Trevize la toisa d’un air méprisant : « L’idée m’a bien effleuré que vous-même puissiez être sous leur contrôle. L’exactitude de votre prédiction des paroles prononcées par l’image de Seldon et, consécutivement, votre attitude envers moi, pourraient fort bien être caractéristiques de la Seconde Fondation. Vous pourriez n’être qu’une coquille creuse habitée par la Seconde Fondation.

— Dans ce cas, pourquoi me parler comme vous le faites ?

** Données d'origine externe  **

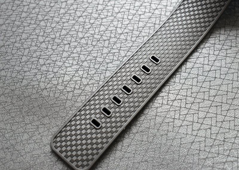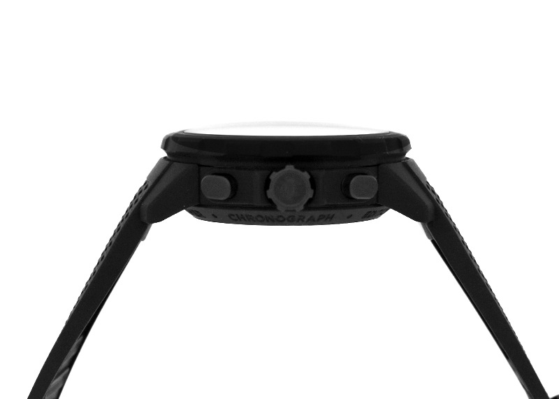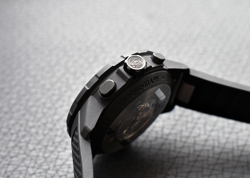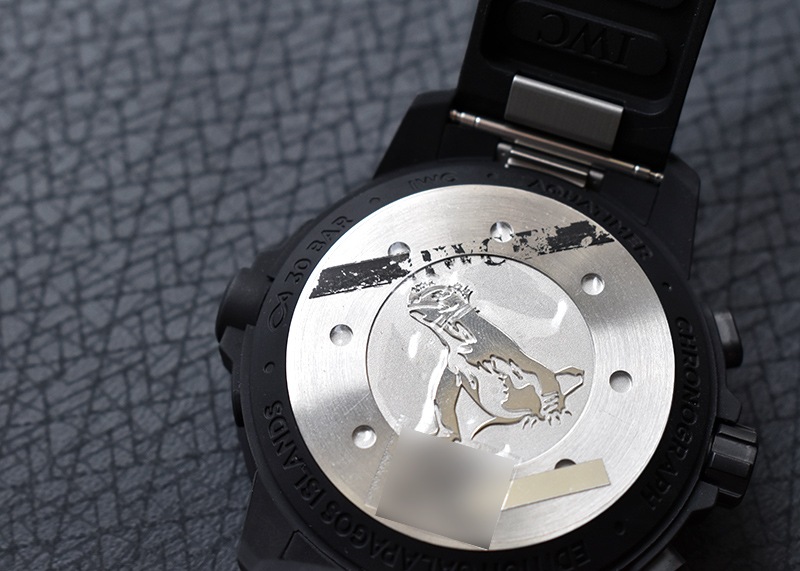 ステンレススティール製のケースにはガラパゴス諸島の大地をイメージした、マットブラックのラバーコーティングが施され、

— Parce que, si vous êtes sous le contrôle de la Seconde Fondation, je suis perdu de toute façon, et je peux bien alors me défouler d’une partie de ma colère – mais parce que, en vérité, je parie sur le fait que vous n’êtes pas sous leur contrôle, que vous êtes simplement inconsciente de vos actes. »

Branno répondit : « Pari gagné, en toute hypothèse. Je ne suis sous le contrôle de personne sinon de moi-même. Pourtant, qu’est-ce qui vous prouve que je dis la vérité ? Si j’étais effectivement sous le contrôle de la Seconde Fondation, est-ce que je l’admettrais ? En aurais-je même conscience ?

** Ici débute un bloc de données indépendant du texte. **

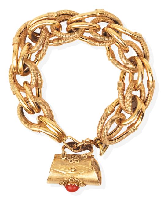 The fancy link bracelet with coral set handbag charm in 18ct gold, total weight 44.1gms, total length 220mm.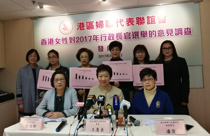 港區婦聯代表聯誼會於3月5至12日期間,以電腦系統隨機抽樣電話訪問了1096個本港女性,結果發現最多受訪女性表示下屆行政長官最需要具備的條件為有助促進社會和諧,其次是堅持「一國兩制、港人治港、高度自治」,以及中央政府信任,反映不少女性重視社會和諧及「一國兩制」的實施。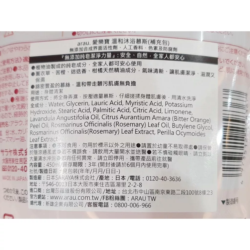 【商品規格】 規格/容量:450ml 產地:日本 貨源:國內原廠公司貨 保存期限:3年 【商品介紹】 ‧植物油製成的純皂成份,全家都可安心使用 ‧綿密豐盈的慕絲,溫和帶走髒污肌膚無負擔 【成份說明】 請詳見產品背標 【使用方式】 將全身弄絲,按壓適量慕斯,仔細搓揉身體肌膚後,用清水洗淨 【使用注意事項】 使用中或使用後若有任何不適時,請停止使用並諮詢醫師 【退換貨服務】 鑑賞期非試用期,退回產品必須是全新狀態且包裝完整 ( 保持產品、附件、包裝、廠商紙箱及所有附隨文件或資料之完整性 ) 。 【購買注意事項】 網路店所售出的商品僅可在網路店進行退換貨服務,將無法在全國佳瑪實體門市進行退換貨、退款服務。若與實體門市價格不同時,請以網站公告為主。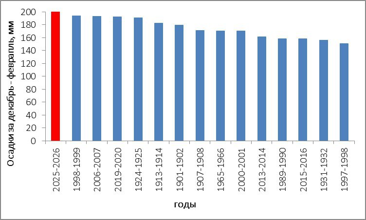 С 1 декабря на городской метеостанции выпало 200 мм осадков, однако это еще далеко не окончательное значение. К 28 февраля может нападать до 220 мм.

« Mais toutes ces questions sont bien vaines. Je crois ne pas être sous leur contrôle et vous n’avez pas d’autre choix que de le croire aussi. Imaginez pourtant un instant ce qui suit : si la Seconde Fondation existe, il est certain que sa première urgence sera de s’assurer que nul dans la Galaxie n’ait vent de son existence. Le Plan Seldon ne fonctionne bien que si ses pions – à savoir nous-mêmes – ignorent comment il fonctionne et de quelle façon ils sont manipulés. C’est parce que le Mulet a polarisé l’attention de la Première Fondation sur la Seconde que cette dernière fut détruite à l’époque d’Arkady – ou devrais-je dire quasiment détruite, conseiller ?

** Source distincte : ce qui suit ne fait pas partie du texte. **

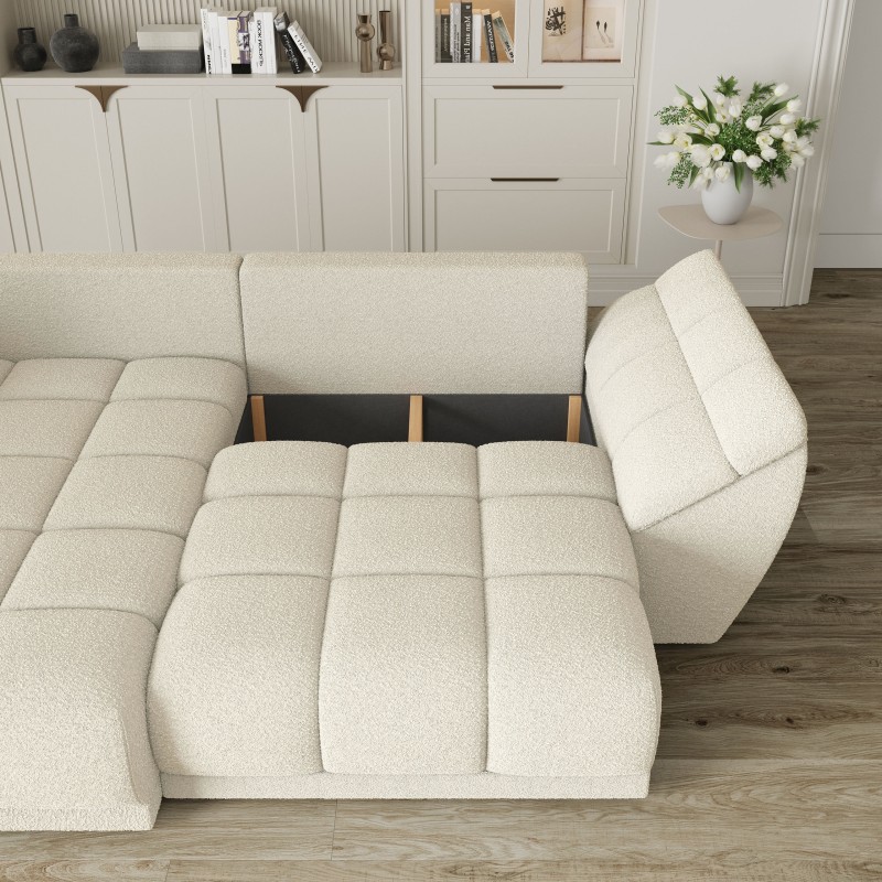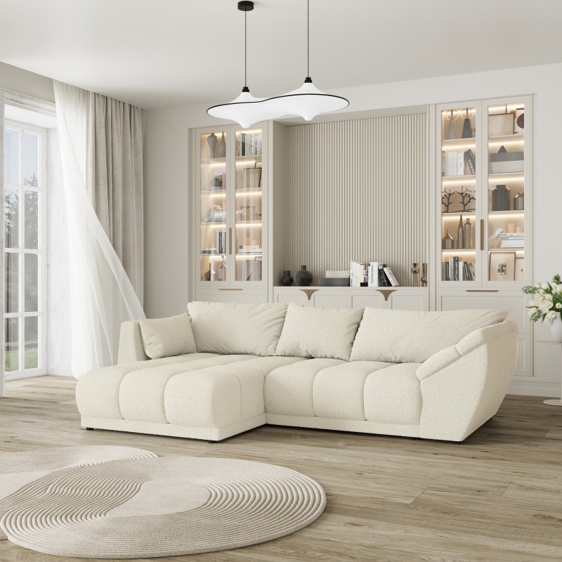 Masseno Narożnik ORENTI z funkcją spania i pojemnikiem na pościel Narozniki L, Rozkładana sofa - Kremowy, QUELLE 02

« De là, nous pouvons déduire deux corollaires : primo, nous pouvons raisonnablement supposer qu’en gros la Seconde Fondation s’immisce le moins possible dans nos affaires. D’ailleurs, elle serait dans l’impossibilité de nous dominer totalement : même elle (si elle existe) ne peut disposer d’une puissance illimitée. Dominer certains tout en risquant que d’autres s’en doutent pourrait avoir pour effet d’introduire des distorsions dans le déroulement du Plan. Par conséquent, nous en arrivons à la conclusion que si la Seconde Fondation s’immisce dans nos affaires, ce sera à titre exceptionnel, et de manière aussi discrète et indirecte que possible – et donc que je ne suis certainement pas sous leur contrôle. Pas plus que vous.

— C’est votre premier corollaire et j’aurais tendance à l’admettre – mais je prends peut-être mes désirs pour des réalités. Et le second… ?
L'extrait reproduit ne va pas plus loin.